In this post, we talk about how to handle categorical features. We will use one-hot-encoding to convert a categorical feature with K nominals (`levels` in R's terminology) into a K-vector. 

In ML applications, typically we will divide the data set into training set and test set. It's not uncommon to see that sometimes a given feature' nominals that appear in the test set do not appear in the training set. This could easily break the encoding procedure if not treated carefully. We desmonstrate how to handle this kind of situation. 

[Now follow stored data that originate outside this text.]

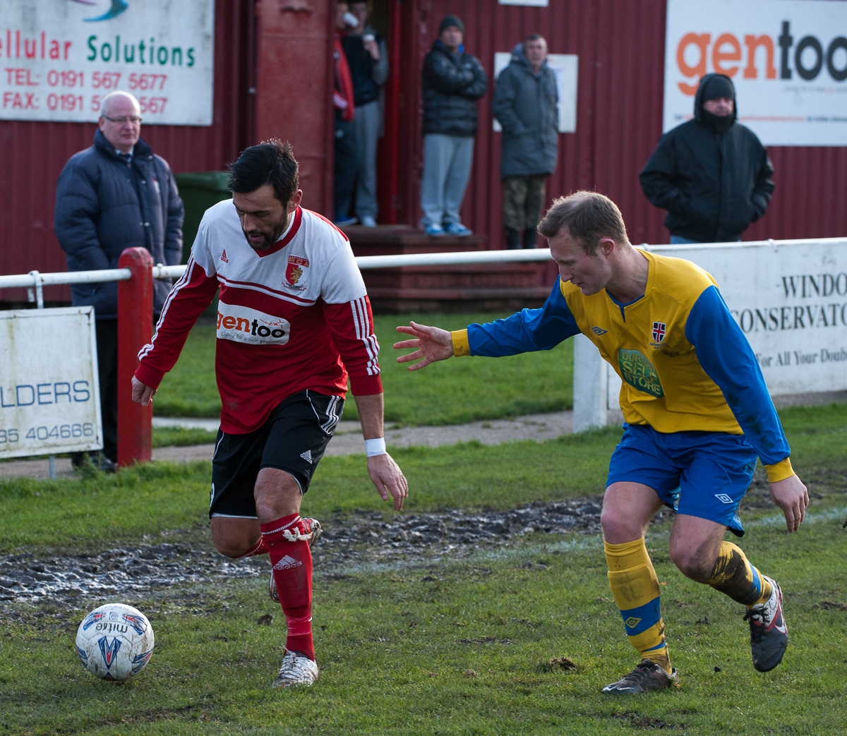 New signing Jamie Clarke is tracked by Durham City and ex-RCA defender James Oates in the first half of the match.
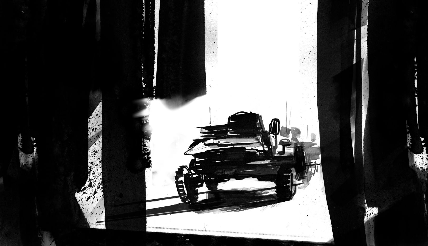 | example of a layered illustration (left) and screen from a movie after postproduction (right) |
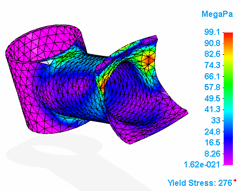 After a few moments, the part is meshed and solved. Stress results are displayed in the Simulation Results environment.
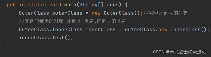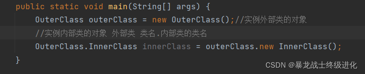 外部类名.内部类名 变量 = 外部类对象的引用.new 内部类();
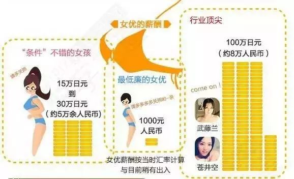 至于男优,地位要比女优低,赚的也就更少了。日本顶级男优,一部AV的片酬大约是5000左右,要挣100万大约要拍200部AV,连续工作大约500天。而普通职业男优片酬大约3000一部,最底层的男优更是惨不忍睹,甚至只有300左右。算下来,要挣一百万之前,可能先精尽而亡了。
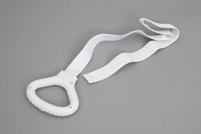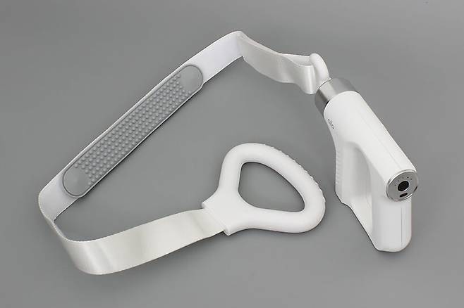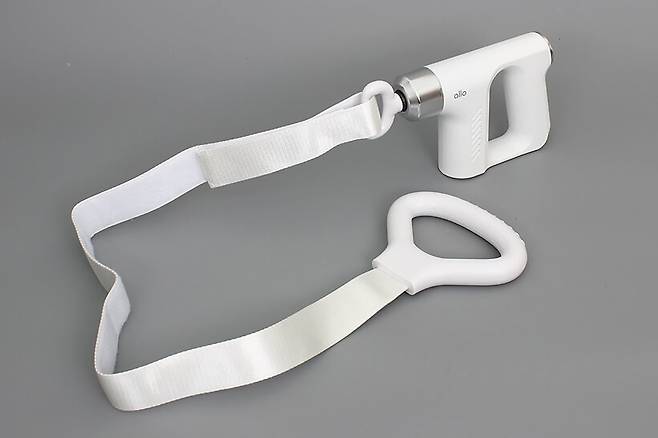 기본 구성품으로 함께 제공되는 마사지 벨트는 탄력 없이 단단한 벨크로 벨트 끝에 큼직한 손잡이가 달려있고, 반대쪽 끝에도 벨크로 처리가 되어있어서 끝부분을 감아서 고리 모양을 만들어줄 수 있다.

Finally, we also consider cases when some values are missing. 

A good discussion thread can be found on stackoverflow:

http://stackoverflow.com/questions/10196860/python-pandas-how-to-turn-a-dataframe-with-factors-into-a-design-matrix-for-l

In [5]:
import numpy as np
import pandas as pd

from sklearn.preprocessing import LabelEncoder, OneHotEncoder

In [3]:
train_df = pd.DataFrame({'col1': ['A', 'B', 'A', 'C', 'B'],
                         'col2': ['Y', 'X', 'X', 'Y', 'Y']})
train_df

Unnamed: 0,col1,col2
0,A,Y
1,B,X
2,A,X
3,C,Y
4,B,Y


In [4]:
test_df = pd.DataFrame({'col1': ['B', 'A', 'E', 'B'],
                        'col2': ['Z', 'X', 'Y', 'Y']})
test_df

Unnamed: 0,col1,col2
0,B,Z
1,A,X
2,E,Y
3,B,Y


We will use scikit-learn utilities to do the heavy lifting. The procedure is the following:

1) For each feature, numerically encode the nominals, using the `LabelEncoder` module

2) For each of the encoded feature (values converted from 'A', 'B', 'C' ... to 0, 1, 2, ...), use `OneHotEncoder` to convert it to a K-vector

3) collect all the processed columns to form the design matrix


In [11]:
le = LabelEncoder()
le.fit(train_df['col1'])
print('nomials for col1: {0:}'.format(le.classes_))

nomials for col1: ['A' 'B' 'C']


In [14]:
# The above naive implementation will break when an unseen nominal is present, as the following shows. 
# By `unseen`, we meant that the value did not exist when we fit the encoding model
le.transform(['D'])

ValueError: y contains new labels: ['D']

In [32]:
# The following is the trick we use, to add a sentinel level called '0_unknown' to the fitted value. 
# This will be the first element in the list of nominals.
#  Before we throw test data into the encoder, first check if there are unseen values, if yse, replace those unseen
#  values with the sentinel values.

le_safer = LabelEncoder()
nominals = ['0_unknown'] + list(train_df['col1'].unique())
le_safer.fit(nominals)
print('nominal values: {0:}'.format(le_safer.classes_))
print('')
test_values = ['C', 'D', 'B']
print('encoded {0:}'.format(test_values))
print(le_safer.transform([e if e in le_safer.classes_[1:] else le_safer.classes_[0] for e in test_values]))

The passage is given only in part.